### Exercise aim
Copy exactly the lines from the line holding "獨(dú)立董事關(guān)于聘任高級(jí)管理人員的獨(dú)立意見" through the end of the material, and no others; pictures stay out.

### Data for the task
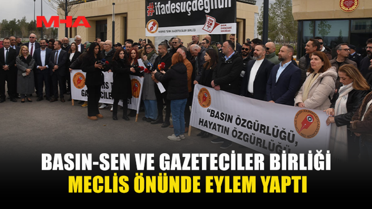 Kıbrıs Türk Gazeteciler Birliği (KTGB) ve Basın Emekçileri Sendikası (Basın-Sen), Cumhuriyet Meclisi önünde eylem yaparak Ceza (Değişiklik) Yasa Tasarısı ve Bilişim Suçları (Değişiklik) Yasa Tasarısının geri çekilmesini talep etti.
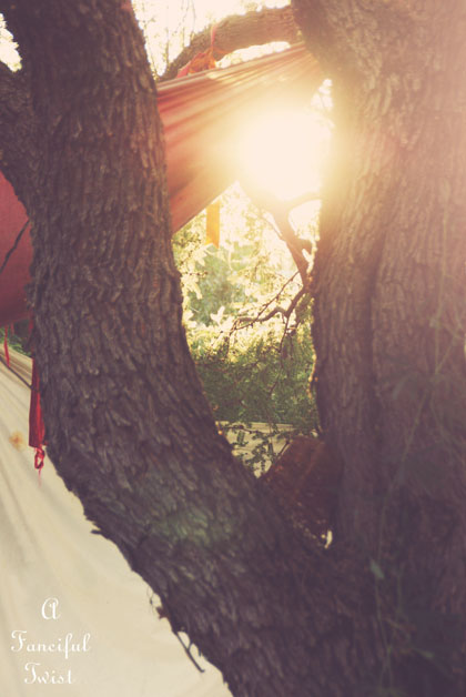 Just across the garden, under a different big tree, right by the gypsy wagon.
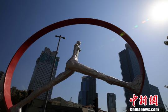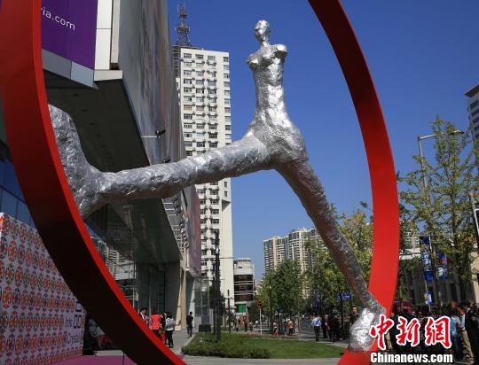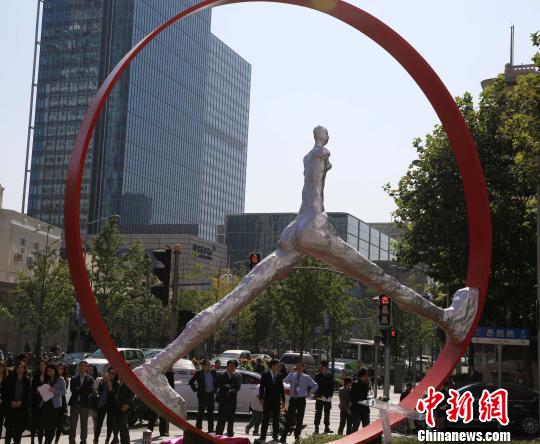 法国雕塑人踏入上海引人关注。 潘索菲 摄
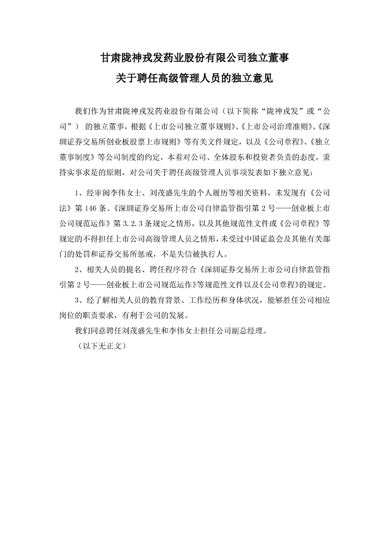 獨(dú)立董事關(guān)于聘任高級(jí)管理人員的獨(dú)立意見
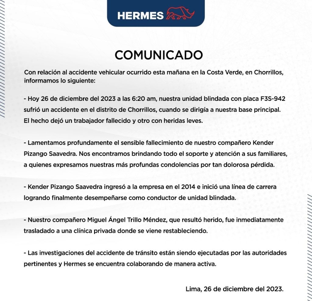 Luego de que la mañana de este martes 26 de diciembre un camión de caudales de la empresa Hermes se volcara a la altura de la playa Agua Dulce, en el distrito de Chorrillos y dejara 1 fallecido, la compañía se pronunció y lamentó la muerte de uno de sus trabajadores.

### Response to this exercise
 獨(dú)立董事關(guān)于聘任高級(jí)管理人員的獨(dú)立意見
 Luego de que la mañana de este martes 26 de diciembre un camión de caudales de la empresa Hermes se volcara a la altura de la playa Agua Dulce, en el distrito de Chorrillos y dejara 1 fallecido, la compañía se pronunció y lamentó la muerte de uno de sus trabajadores.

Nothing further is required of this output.